Records contained in a dataset:
---

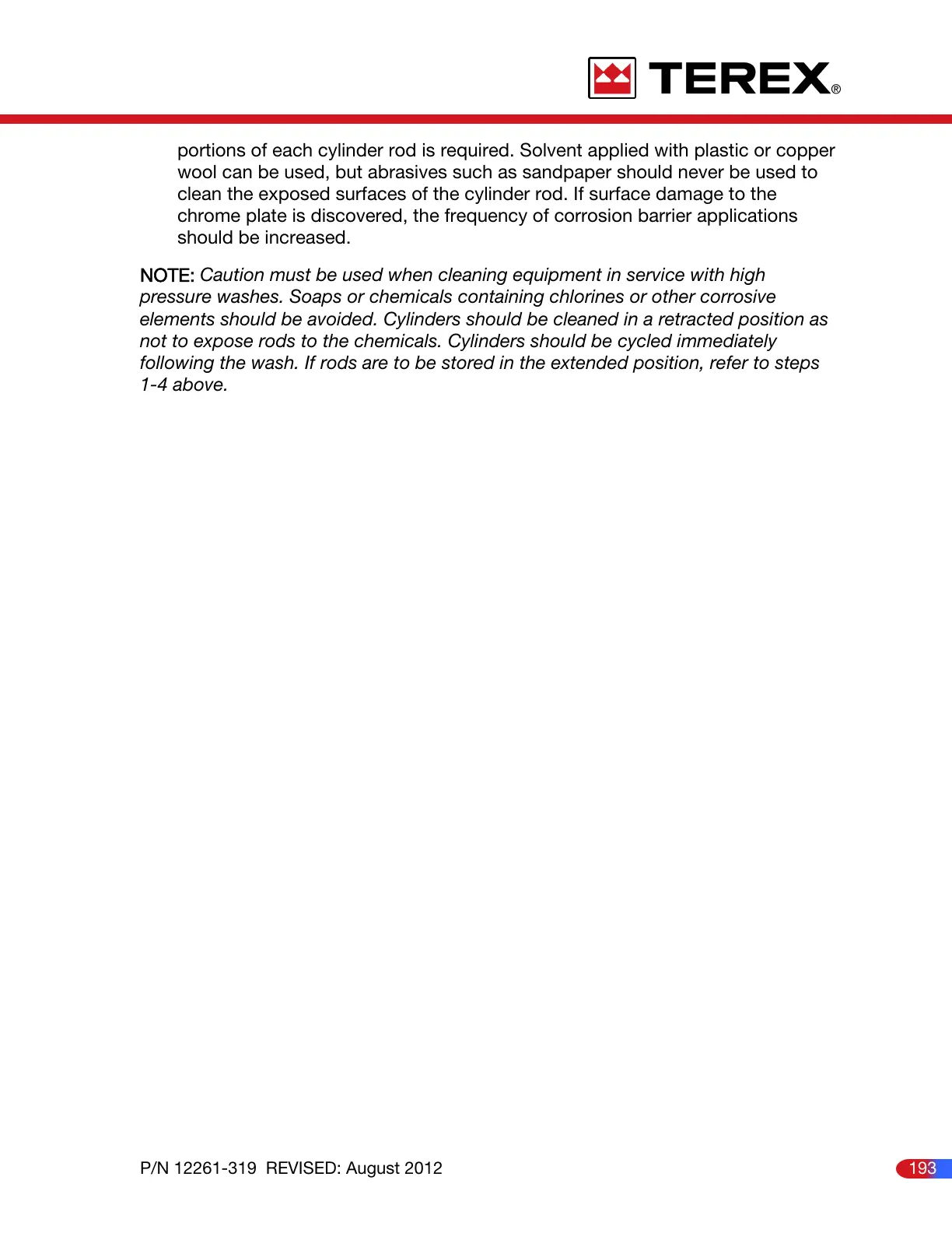 elements should be avoided. Cylinders should be cleaned in a retracted position as
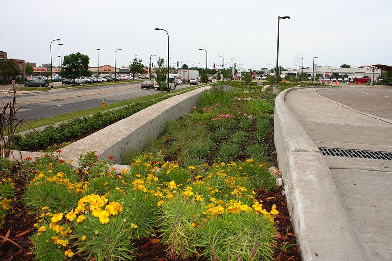 Landscaping around roads near a Park Ridge, Illinois hospital includes native plants. Center for Neighborhood Technology / Flickr
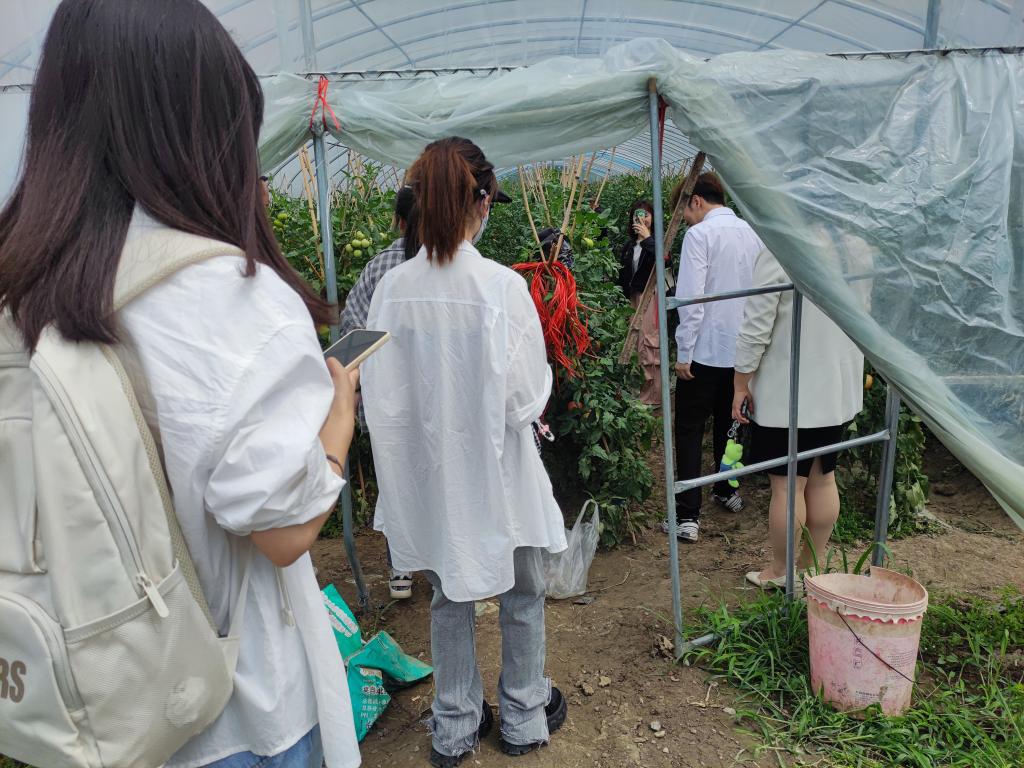 接着,团队前往松柏村农产品种植产业基地,了解西红柿大棚特色产业发展现状,通过与种植户的沟通交流,对特色产业大棚养殖的经济收益进行分析,并共同探讨可持续发展的思路。
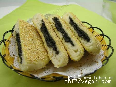 饼放入盘中,使之两面粘上白芝麻,用擀面杖将饼上的芝麻擀实(只
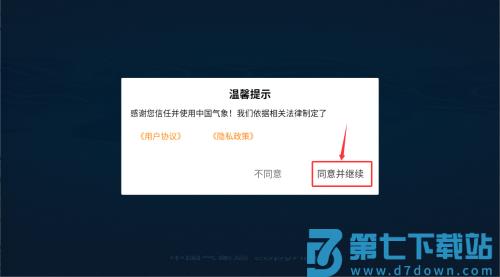1、启动中国气象应用,于提示页面点击同意并继续选项。
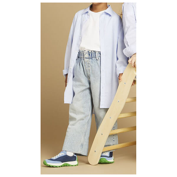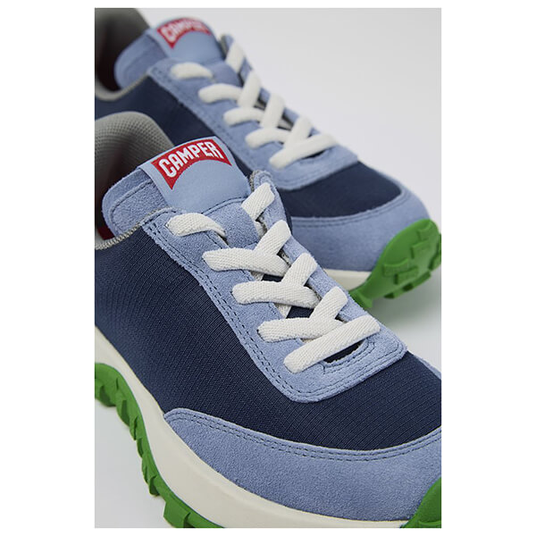 Χαμηλά παπούτσια, τύπου sneakers, από τη σειρά Drift Trail της Camper σε μπλε χρώμα, με γαλάζιες, λευκές και πράσινες λεπτομέρειες. Πρόκειται για κομψά και άνετα παπούτσια κατασκευασμένα εξωτερικά από μαλακό δέρμα και ανακυκλωμένο πολυεστέρα. Έχουν αφαιρούμενο πάτο PU ενώ η εξωτερική τους σόλα έχει αντιολισθητική επιφάνεια και είναι κατασκευασμένη από καουτσούκ. Κλείνουν με ελαστικά κορδόνια. Στη γλώσσα υπάρχει patch με το logo της Camper Το Drift Trail είναι ένα καθημερινό παπούτσι με έμπνευση από τα '70s της συλλογής για ενηλίκους, προσαρμοσμένο για τα μικρά ποδαράκια.
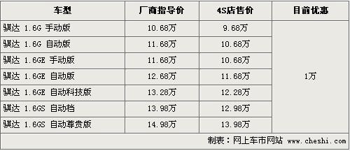 騏達一直是東風日產(chǎn)系列車型中最為暢銷的車型之一,同時也是在同級別車型中表現(xiàn)最為突出的車型之一,自上市以來受到眾多消費者的喜愛。根據(jù)網(wǎng)上車市價格監(jiān)測系統(tǒng)顯示,目前這款車現(xiàn)車比較緊張,購車的消費者可享受1萬元的現(xiàn)金優(yōu)惠,具體行情如下:
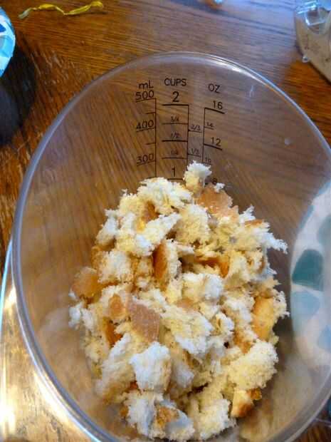 El pan no estaba en las "piezas pequeñas" que afirmaron las instrucciones originales que necesita, pero todos tratamos de hacer las piezas pequeñas y si hacemos otra vez probablemente romperá el pan en un procesador de alimentos.
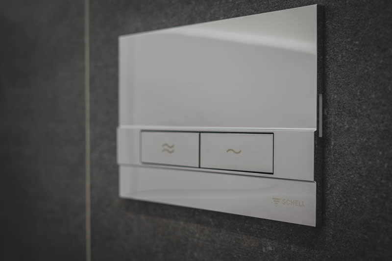 Ook de wc-bedieningsplaten MONTUS BOARD werden in de dames- en heren-wc’s telkens eenmaal geplaatst. De bedieningsplaten met verchroomde frontplaat beschikken over een waterbesparende spoelfunctie met twee volumes: de aanduiding met een enkel of dubbel golfsymbool op de toetsen voor de spaar- of hoofdspoeling maakt een intuïtieve bediening mogelijk.
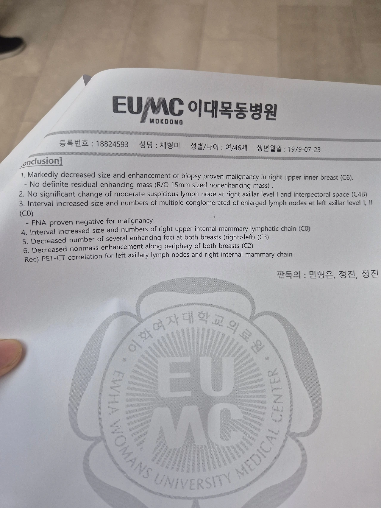 그런데 겨드랑이 림프절은 양쪽이 더 커졌다고 이건 키트루다 계속 써서 없어지든가 아님 수술시 곽청술을 하면 된다고...
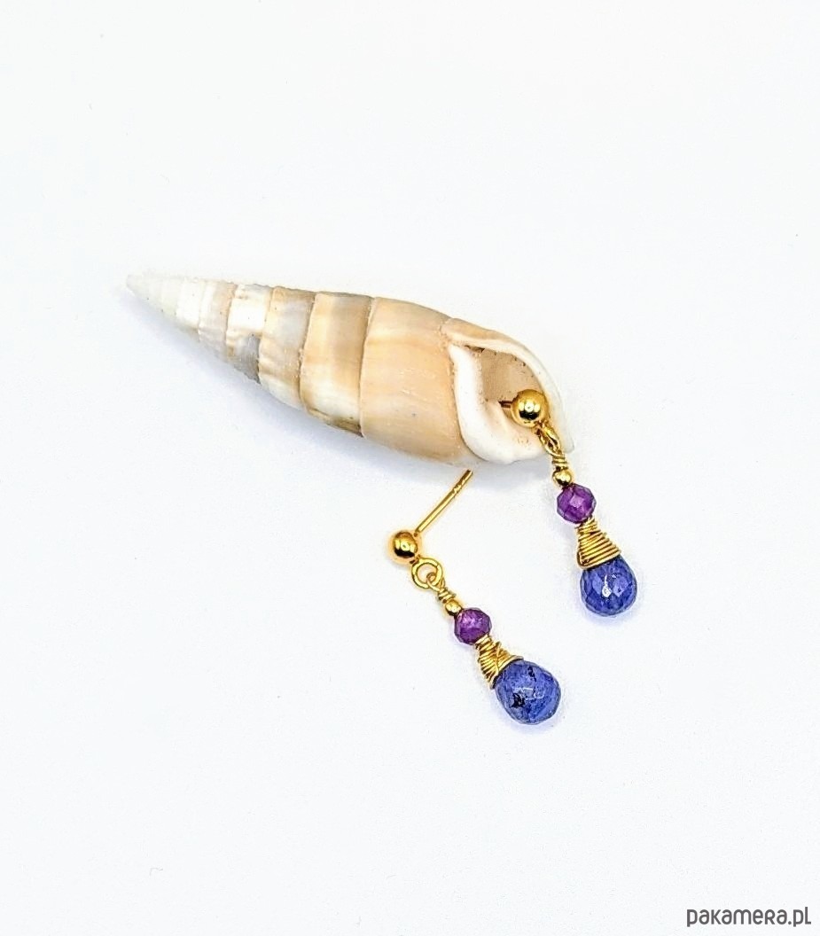 Kolczyki z pozłacanego srebra z fioletowymi kamieniami: kropla tanzanitu zestawiona z kulistym ametystem. Kamienie pięknie kumulują światło, lekko mienią się. Zostały zamocowanie na sztyfcie z kulką. Lekkie w formie, świeże, kobiece.
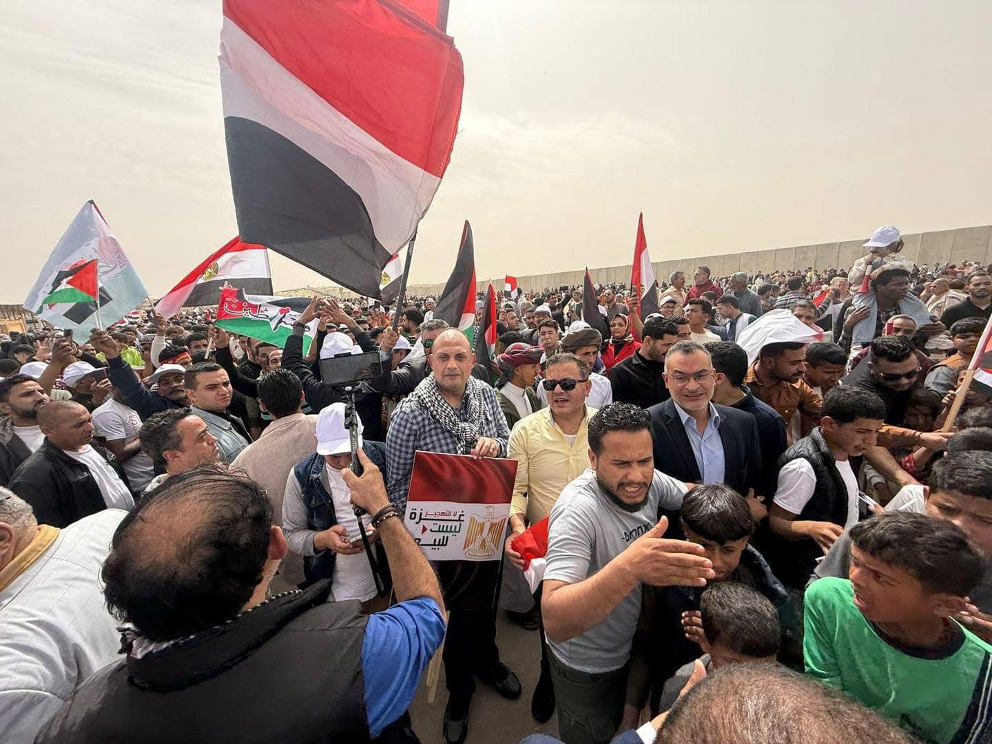 وأعلن المشاركون عزمهم التوجه في مئات الأتوبيسات إلى مدينة رفح على الحدود المصرية الفلسطينية، في مسيرة ضخمة تحمل رسالة شعبية واضحة مفادها أن التهجير جريمة مرفوضة بكل أشكالها، مؤكدين دعمهم للموقف المصري الرافض للتهجير وتصفية القضية الفلسطينية معلنين دعمهم لكافة قرارات الرئيس عبدالفتاح السيسي ورفضه تهجير الفلسطينيين من غزة وتأكيده علي ان ذلك" ظلم لا يمكن ان نشارك فيه".
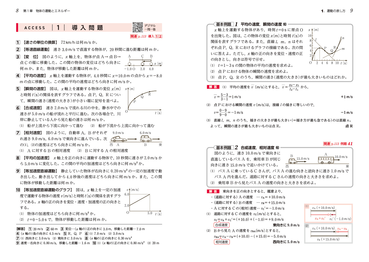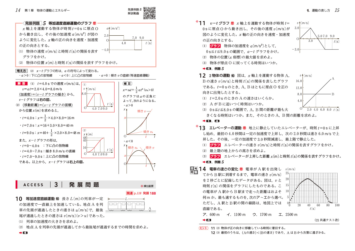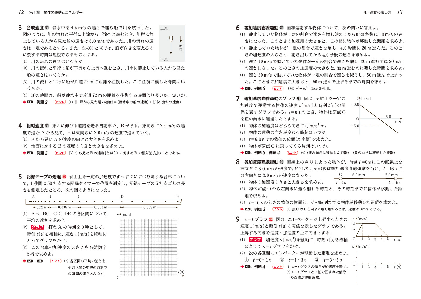 - 多彩な問題形式 …物理的なセンスを磨く 【定性】【公式を導く】 問題をはじめ, 【図の選択】【作図】【グラフ】【記述】 問題を掲載しています。計算問題以外の多面的なアプローチができます。
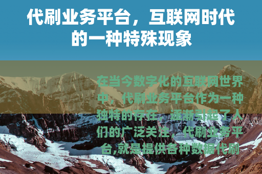在当今数字化的互联网世界中,代刷业务平台作为一种独特的存在,逐渐引起了人们的广泛关注,代刷业务平台,就是提供各种数据代刷服务的在线平台。
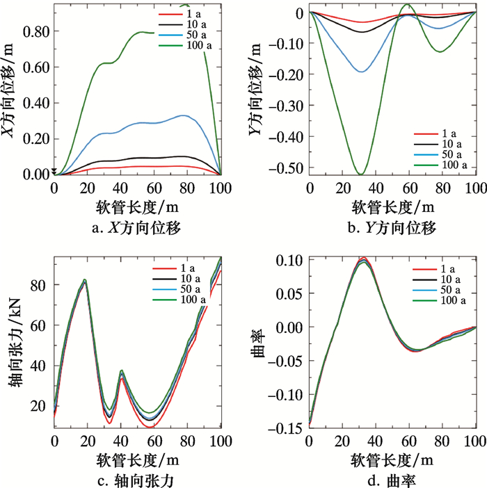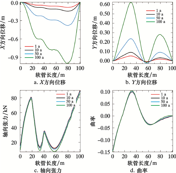 管道变形方向改变的地方是管道弯矩较大处,发生变形方向改变的点分别距离管道原点32和60 m附近处,在对管道进行疲劳分析时,应重点关注这2个区域。在水下软管顶端处,由于水流本身不稳定,所以其对水下软管的作用力也不稳定,导致水下软管的受力可能是几种环境载荷之间交替变化,从而使得水下软管承受交变应力,导致疲劳。另外,随着水流速度的增大,曲率幅值变化较小。

---

▶ [Exercise]: Repeat exactly the lines above, from the line that contains "Ook de wc-bedieningsplaten" down through the line that contains "그런데 겨드랑이 림프절은". Include both of those lines and none of the pictures.

▶ [Response below]:
 Ook de wc-bedieningsplaten MONTUS BOARD werden in de dames- en heren-wc’s telkens eenmaal geplaatst. De bedieningsplaten met verchroomde frontplaat beschikken over een waterbesparende spoelfunctie met twee volumes: de aanduiding met een enkel of dubbel golfsymbool op de toetsen voor de spaar- of hoofdspoeling maakt een intuïtieve bediening mogelijk.
 그런데 겨드랑이 림프절은 양쪽이 더 커졌다고 이건 키트루다 계속 써서 없어지든가 아님 수술시 곽청술을 하면 된다고...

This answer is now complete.